State and local government spending per capita varies widely, reflecting local preferences. The mideast and far west are 15% above the national average while the southeast and southwest are 10% below the national average.

State spending varies even more widely. The national average is $6,900 per capita. California is 12th highest at $9,000 but neighbor Washington is much lower at $7,000 (26th). Massachusetts is also at $9,000 but its neighbor New Hampshire is at a very low $5,000 (46th). New York is lower than might be expected at $8,600 (15th). Nearby New Jersey, Pennsylvania and Virginia spend $7,200-7,500, a bit above the national average.
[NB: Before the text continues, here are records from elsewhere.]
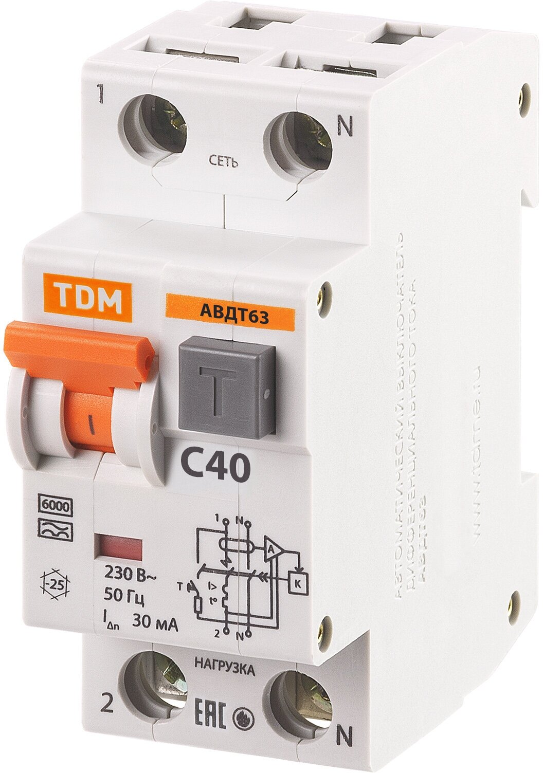 Автоматический выключатель дифференциального тока TDM АВДТ 63, 2Р, 40А, С, 30мА, 6кА, тип А информация:
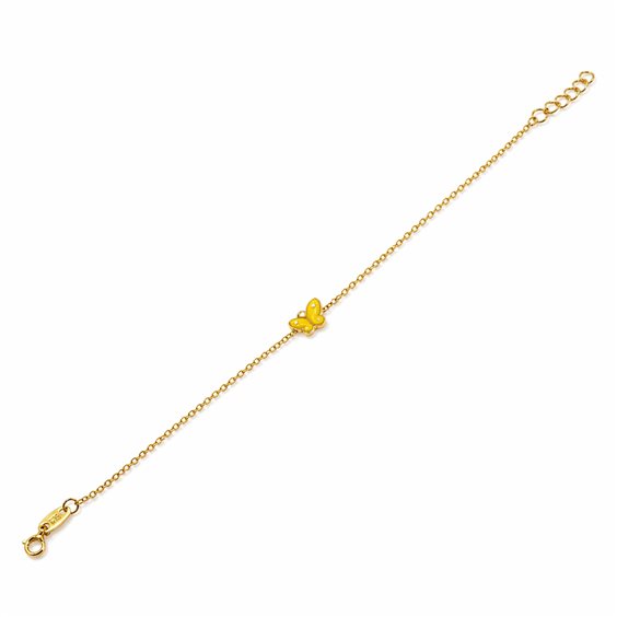 GIOVANE E GRAZIOSO BRACIALETTO IN ORO GIALLO 9KT, CATENINA A PICCOLI ANELLI CON AL CENTRO UNA FARFALLINA SMALTATTA COLOR GIALLO E BIANCO.
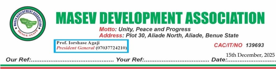 Masev Development Association is a socio-cultural association for Masev people. Masev people are found in Gwer East and Makurdi local government areas of Benue state. Major components of Masev are Ngyohov, Yonov and Njiriv. The aim of the association is to foster unity, peace and progress among Masev people. The Association was founded nearly fifty years ago and has branches accross the country. The Association has recorded progress, unity and peace among Masev. Visible projects of the Association include the establishment of Masev Community Secondary School Taraku in 1979
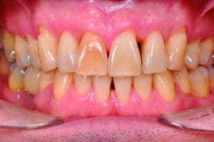 Fig.15 : Vue clinique en 2020 (plus de 32 ans de suivi). Contrôle de plaque moyennement efficace. Il reste indiqué de suivre le patient au moins tous les six mois.
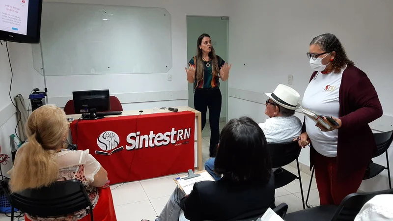 O encontro foi organizado pela coordenação de aposentados e pensionistas do Sintest e aconteceu no auditório do sindicato, sendo transmitido pelo Google Meet. A programação contou com as palestras de Olga Regina Duarte Vieira Borges e Márcia Vieira de Alencar Caldas.
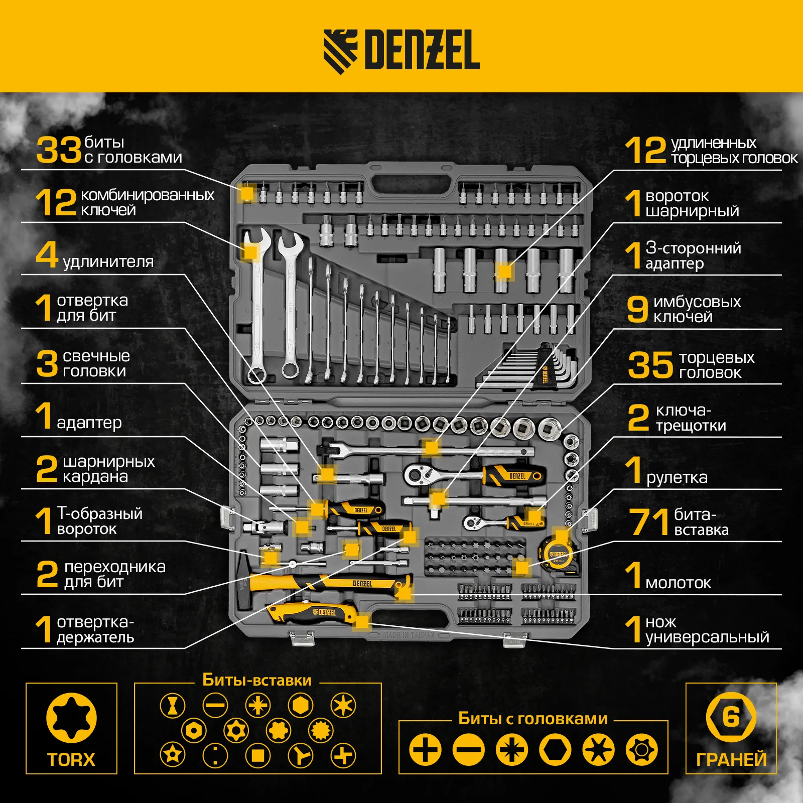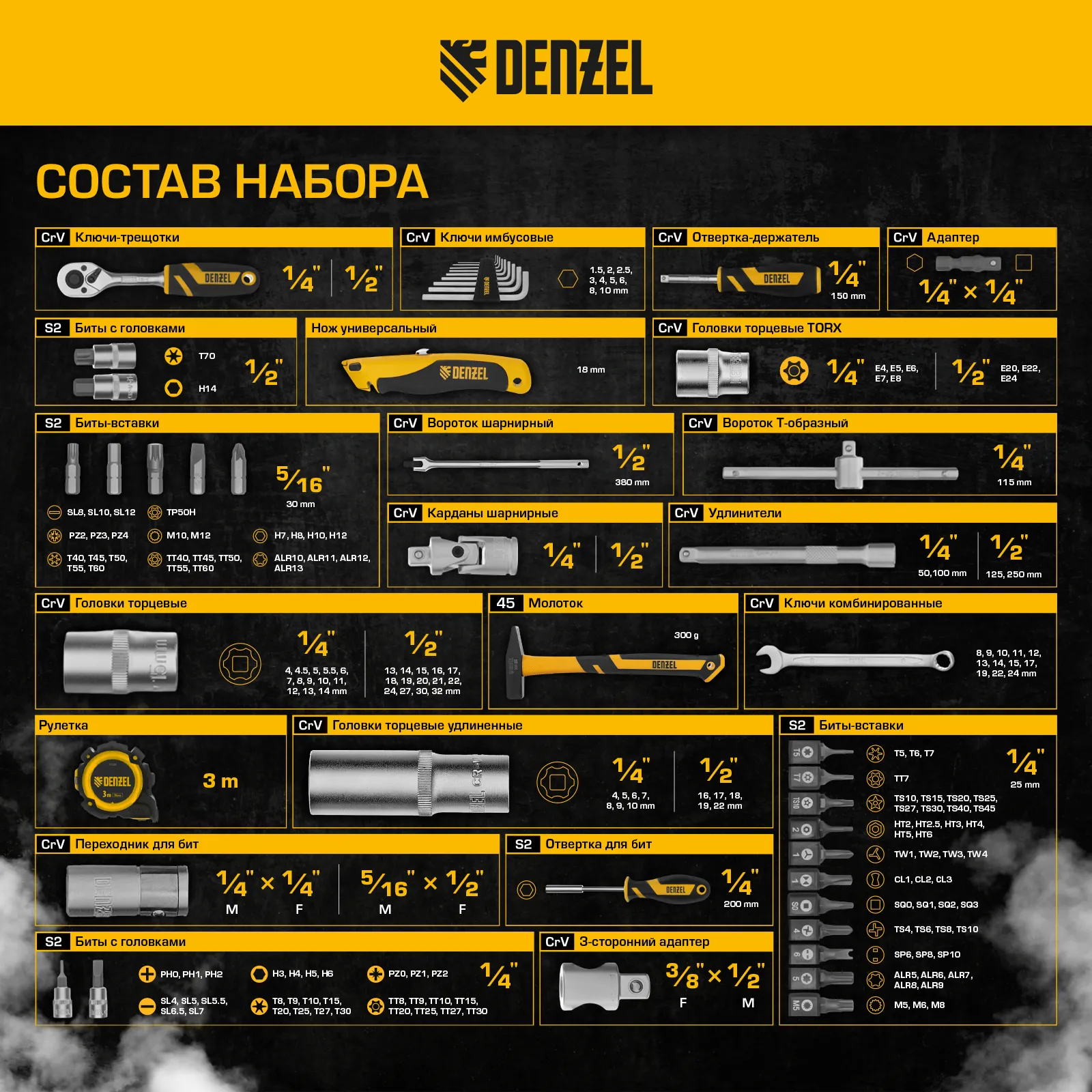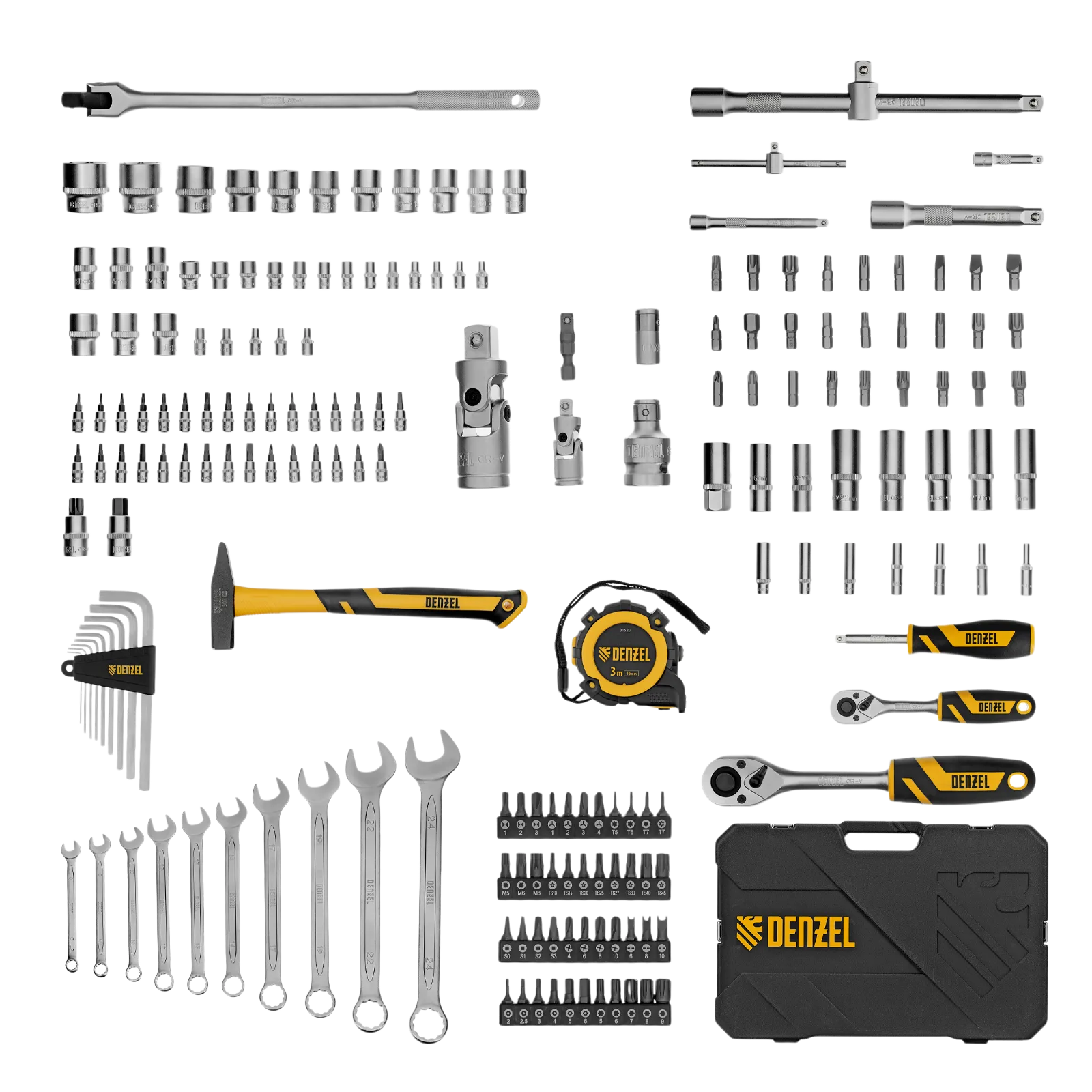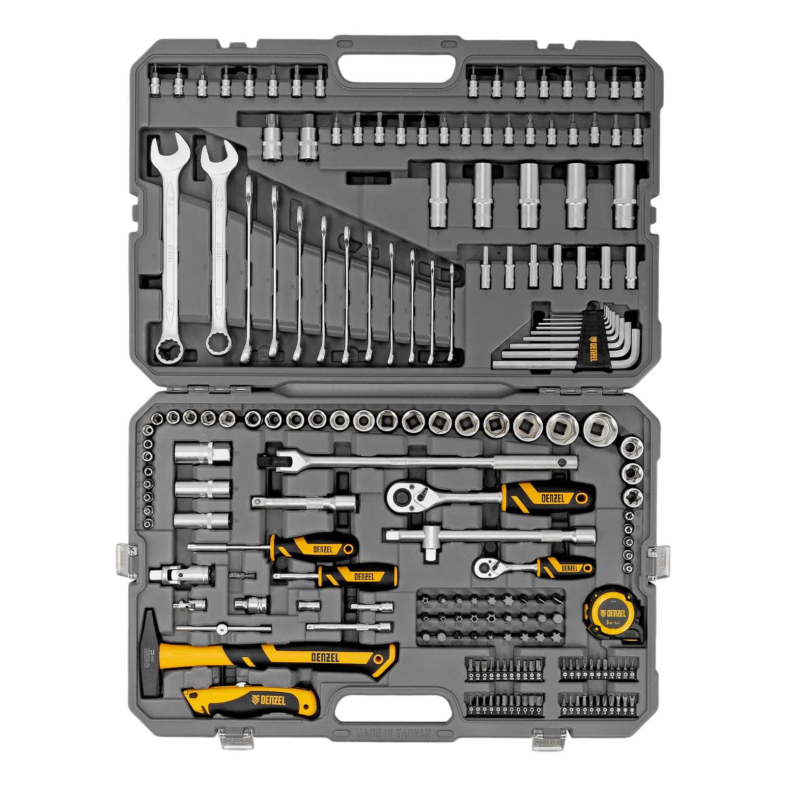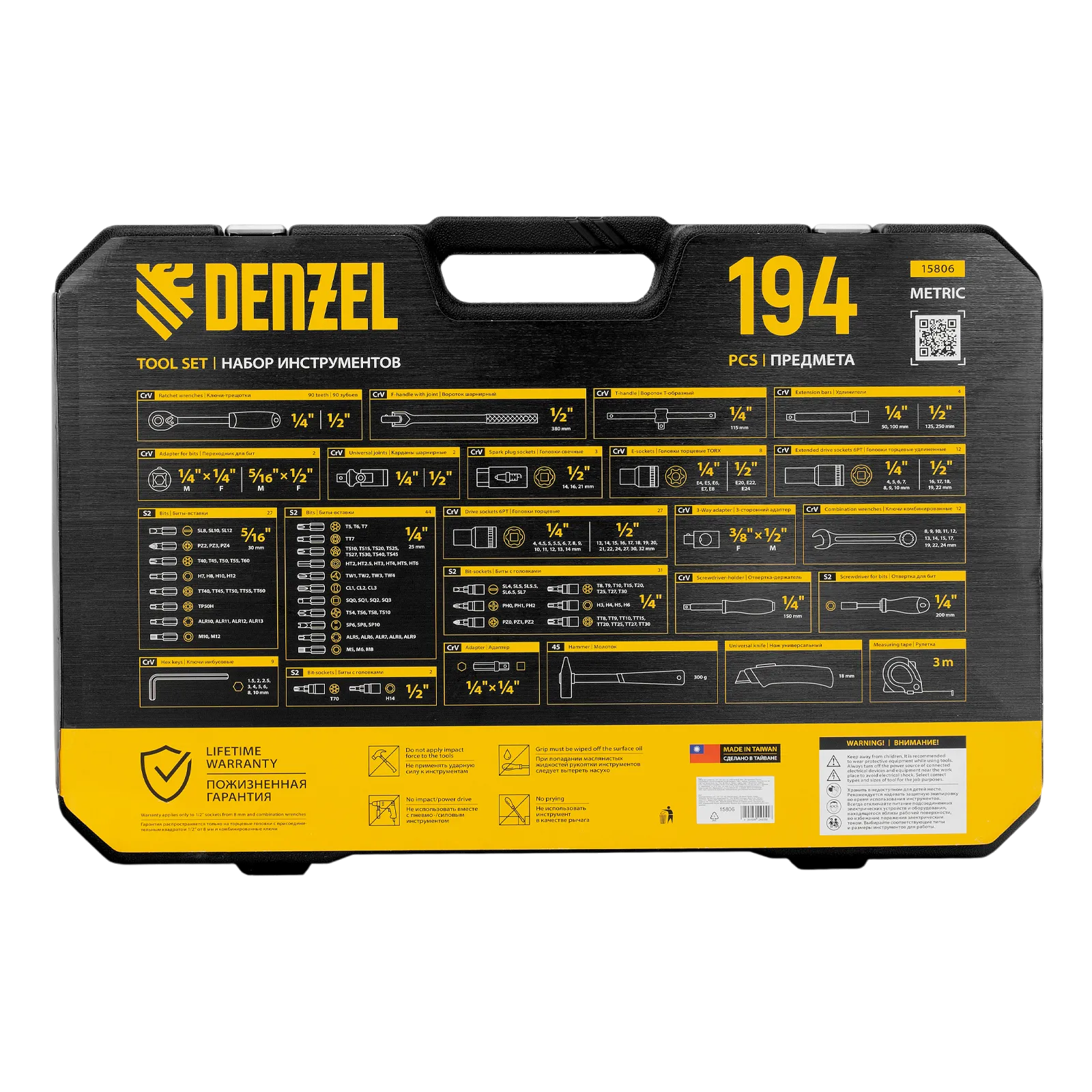 Набор инструментов Denzel 15806 состоит из 194 предметов с присоединительными квадратами 1/4″ и 1/2″, упакованных во вместительный ударопрочный кейс собственной разработки с антивандальным покрытием. В комплект поставки входят инструменты и оснастка для монтажа и демонтажа резьбовых соединений, а также молоток для выполнения ударных работ, рулетка для проведения измерений и нож для резки материалов. Набор предназначен для профессионального использования в автомастерской, будет полезен и для решения бытовых вопросов.
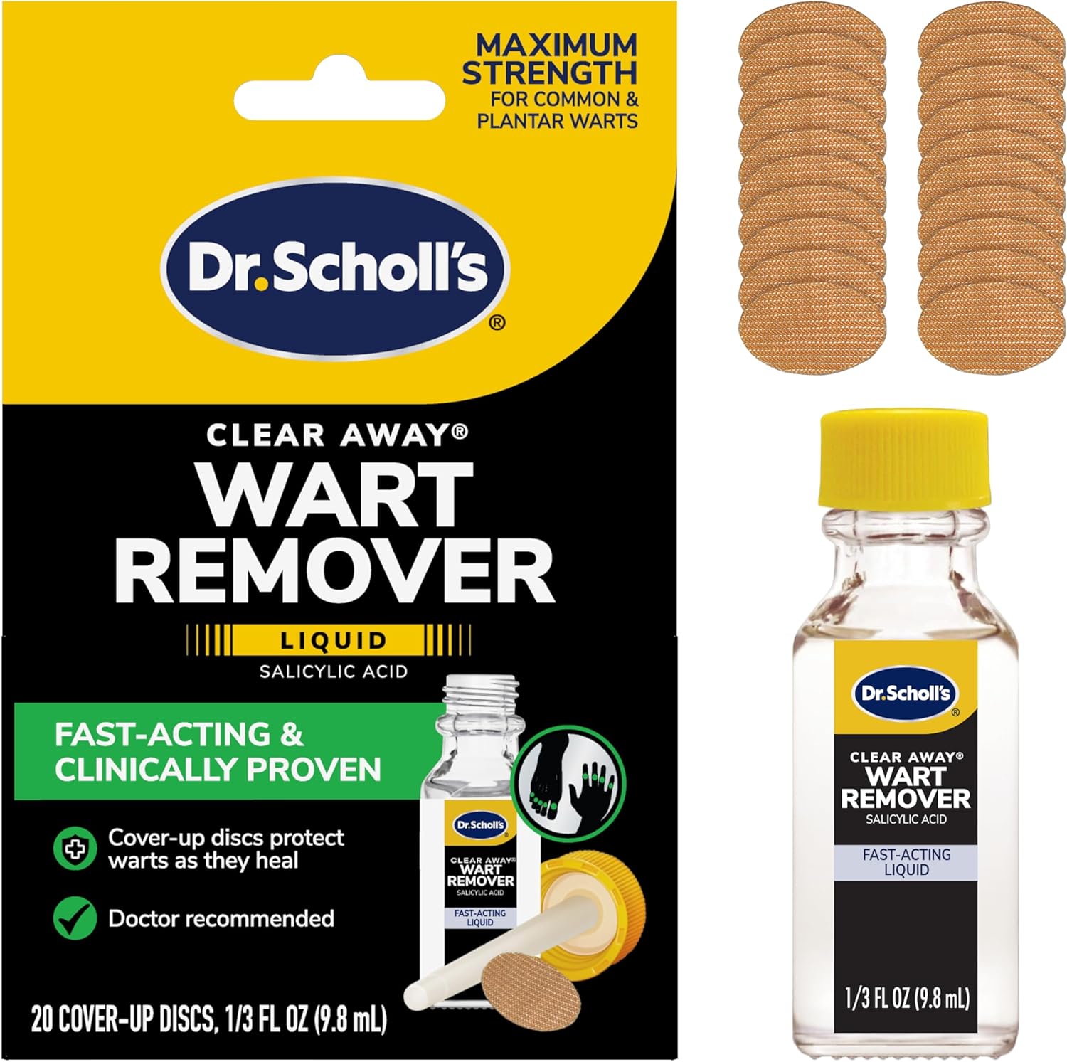 Dr. Scholl’s Clear Away Wart Remover Liquid offers a clinically proven solution for removing common warts on fingers and toes. The fast-acting liquid formula is easy to apply and dries quickly, providing targeted treatment where it’s needed most. Made with the highest strength wart remover available without a prescription, this wart remover delivers powerful results at home. Each pack includes 20 cover-up discs to help protect the treated area during healing by reducing friction and irritation. Safe for use on children ages 4 and up, it’s a convenient and effective option for the whole family’s wart treatment needs.
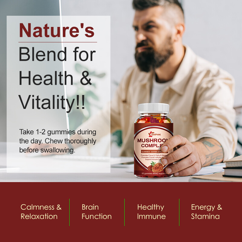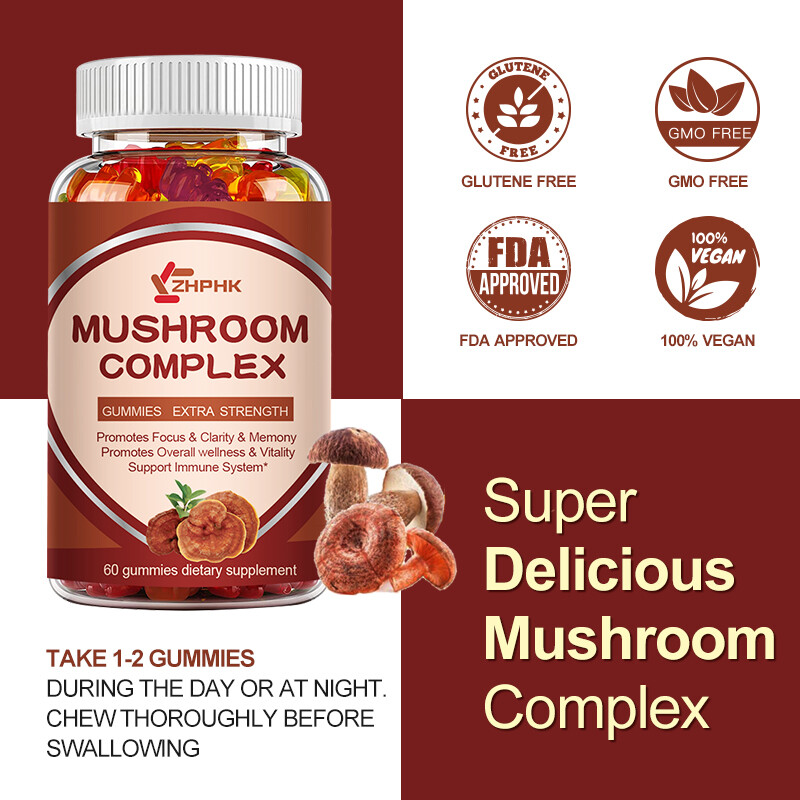 Features: - POTENT ADAPTOGEN BLEND | 10 MUSHROOMS | 2500 MG PER SERVING - Explore the amazing health benefits of mushrooms in the most delicious way! Our new mushroom gummies complex is made with lion’s mane powder, reishi powder, shiitake powder, cordyceps powder, chaga powder and many more. Loaded with health-boosting vitamins, minerals, and antioxidants, this medicinal mushroom supplement helps your body adjust to physical, chemical, biological stress and produce nerve growth factors. - ENERGY & IMMUNE BOOSTER SUPPLEMENT - Naturally rich in beta-glucans, mushrooms - particularly shiitake, reishi mushrooms - help to reinforce an immune system's defense and protect against free radicals that can damage cells and impact health. Our natural immune support blend also helps fight chronic fatigue syndrome and promotes healthy cholesterol levels. - POWERFUL NOOTROPIC FORMULA - Nootropics are natural brain enhancers designed to improve cognitive performance. They are amazing natural alternatives to coffee and energy drinks. Take 2 or more gummies per day to boost your energy levels and productivity, sharpen focus and even increase your athletic performance. Working as a focus and memory supplement for the brain, raw mushroom powder extract is an incredible brain superfood that improves memory recall, reduces brain fog, and brings clarity. - TOP QUALITY GUARANTEE - To create our mushroom complex supplement we use WHOLE MUSHROOM FRUITING BODIES with no fillers, mycelium, extra starch or grains. Each delicious mushroom powder filled gummy with a natural flavor is free of gelatin, gluten, soy and artificial ingredients. They are NON-GMO, VEGAN and vegetarian friendly.
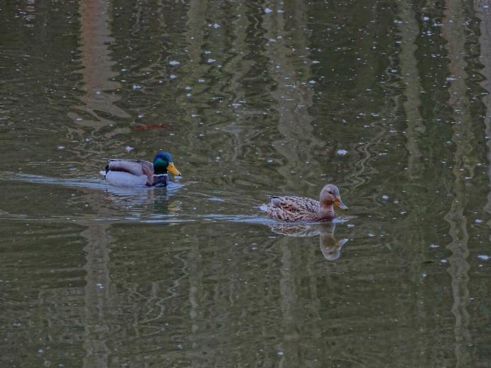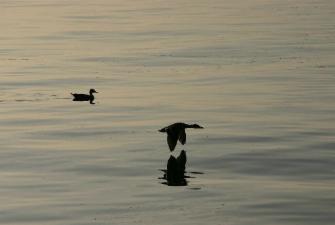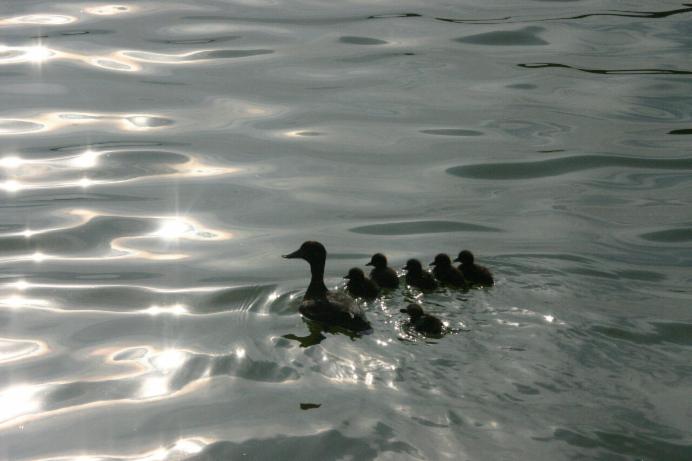 Entenfamilie zwischen Licht und Schatten ( Licht- und Schatten- Spiegelung)
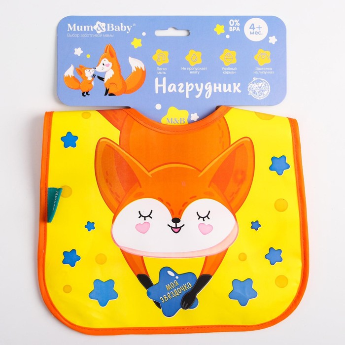 Товар изготовлен из материалов, не содержащего токсичных веществ. После использования мойте тёплой мыльной водой. Нагрудник рекомендован для детей старше 4 месяцев.
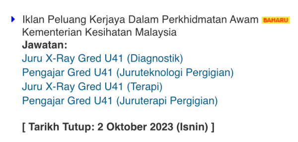 Iklan Jawatan Terkini Kementerian Kesihatan Malaysia (KKM) Like serta Ikut Facebook Kami, follow Chanel WhatsApp Jawatan Kosong & Telegram Portal SPA9 untuk capaian pantas kekosongan jawatan daripada kami sekarang. Klik Jawatan Disini

Michigan, Ohio and Illinois spend less than the national average at $6,100-6,300, but nearby Indiana ($5,500), Kentucky ($8,500) and West Virginia ($10,300) have much different priorities. Georgia ($5,700), Alabama ($6,300) and Mississippi ($6,700) spend less than the national average. Texas spends only $4,700 per capita (48th) while its neighbor Arkansas spends $9,200 (10th). Florida is the lowest spending state at just $4,000 per person, an amazing 42% less than the national average.

Another way to look at these differences is to compare the spending of 5 states. Rhode Island $10,400 (6th), Kentucky $8,500 (16th), Washington $7,000 (26th), Colorado $6,200 (36th) and New Hampshire $5,000 (46th). Rhode Island spends twice as much on state government than New Hampshire, a few miles away. This is the range in the US, reflecting vastly different local priorities.

Summary

In our federal system, state and local governments are called upon to manage one-half of total government spending. They routinely deliver budget surpluses and adapt during recessions, even the pandemic driven recession. They have accumulated significant real and financial assets to buffer difficult times. They have managed pension liabilities appropriately and improved their bond ratings and ability to borrow. They have taxed and spent to match local preferences. In aggregate, their spending has remained at the same percentage of GDP for many years.